Los países de la UE pueden restringir o prohibir el cultivo de un OMG en la totalidad o una parte de su territorio de acuerdo con la Directiva (UE) 2015/412, aunque el producto esté autorizado en la UE.
Como se realiza la evaluación de la seguridad
El procedimiento de evaluación de la seguridad de los OMG comporta la realización de una evaluación del riesgo individualizada, caso por caso, llevada a cabo por la EFSA, que aplica los criterios estrictos establecidos en el marco normativo de la UE.
Según la Directiva 2001/18/CE, es necesario evaluar los efectos adversos potenciales de los OMG, ya sean directos o indirectos, inmediatos o diferidos para la salud humana y el medio ambiente, que puedan tener la liberación voluntaria o la comercialización de estos productos.
La estrategia de evaluación del riesgo de los OMG desarrollada por la EFSA aplica los principios de la evaluación del riesgo teniendo en cuenta los aspectos siguientes:
- Caracterización molecular: evaluación de la estructura molecular de las proteínas de nueva creación, su funcionamiento y sus interacciones potenciales.
- Análisis comparativo: comparación de la planta transgénica con su contraparte convencional. El objetivo es detectar diferencias en el aspecto observable de la planta como la altura y el color –características fenotípicas– y sus características agronómicas como el rendimiento.
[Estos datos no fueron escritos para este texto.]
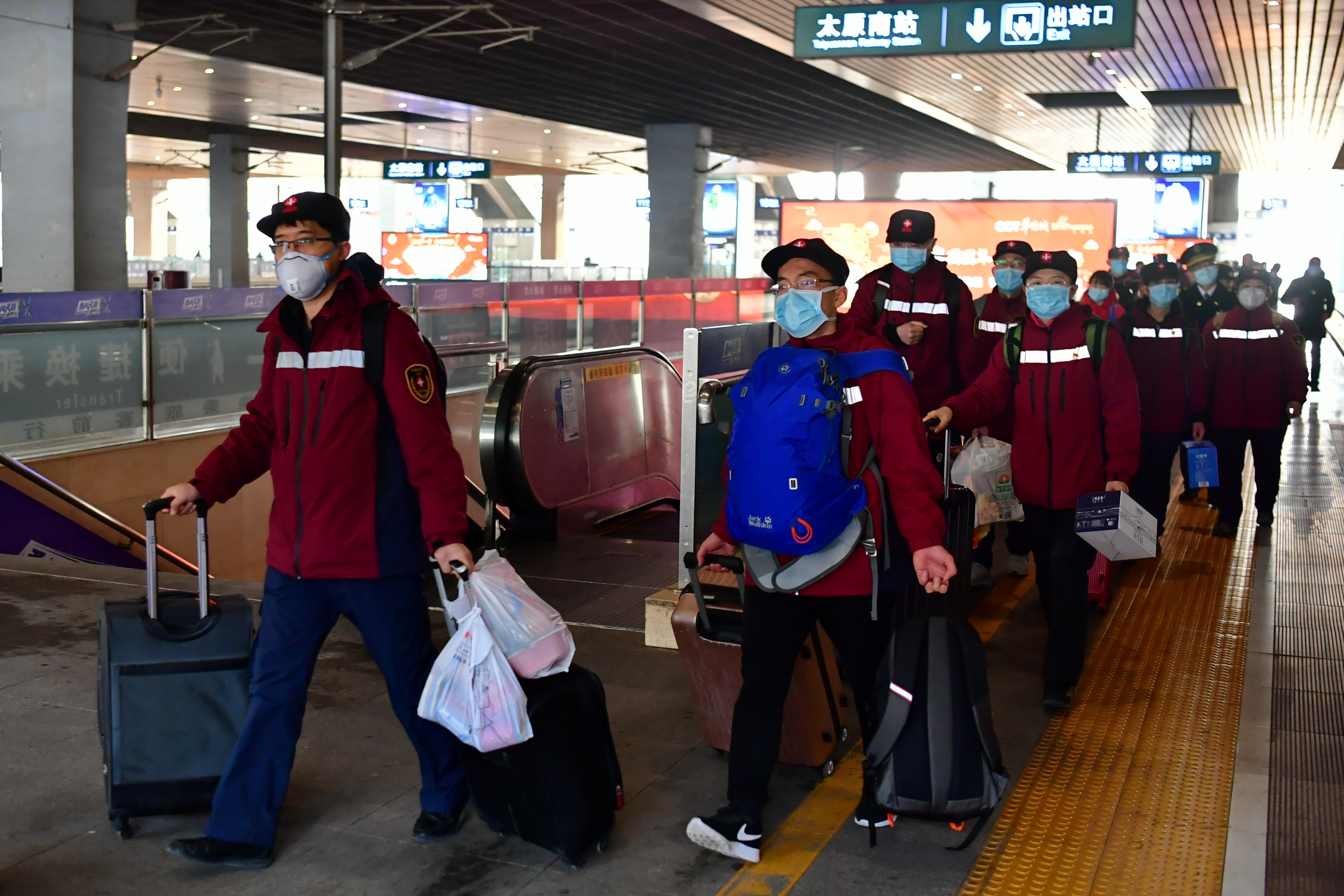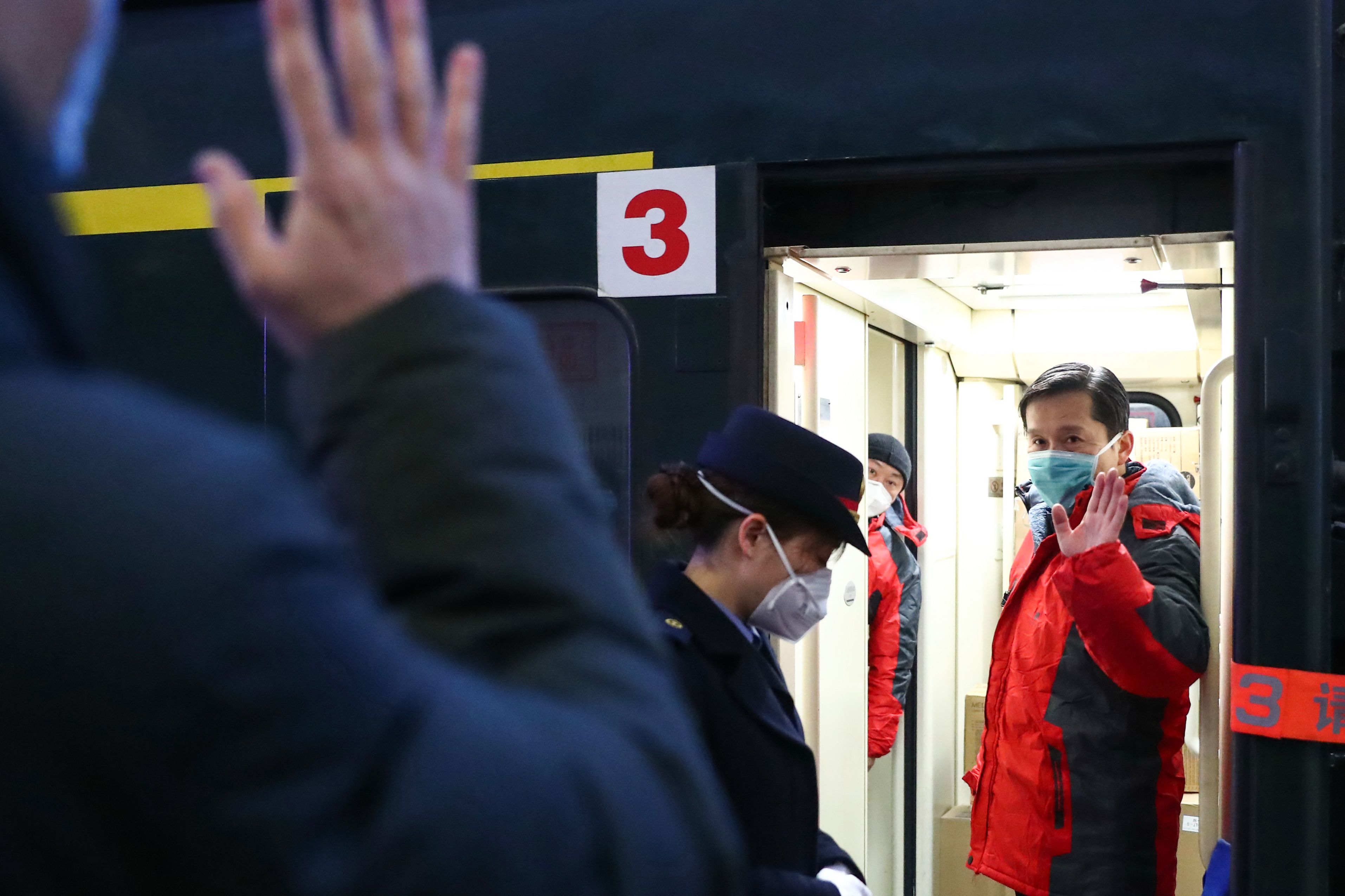 A medical team walk to board a train at Taiyuan South Railway Station in Taiyuan, north China's Shanxi Province, Feb. 5, 2020. (Xinhua/Cao Yang)

El análisis también compara los valores nutricionales de la planta transgénica y su contraparte convencional.
- Evaluación de potencial toxicidad y alergenicidad.
- Evaluación del potencial impacto ambiental.
Desde el año 2004, el Panel de la EFSA sobre Organismos Modificados Genéticamente ha publicado una serie de documentos de orientación para la evaluación del riesgo de los alimentos y piensos que contienen, consisten en o se producen a partir de animales o plantas modificados genéticamente (MG), dentro del marco del Reglamento (CE) 1829/2003. Estos documentos de orientación son revisados y actualizados por la EFSA en función de la experiencia adquirida, el progreso tecnológico y los desarrollos científicos.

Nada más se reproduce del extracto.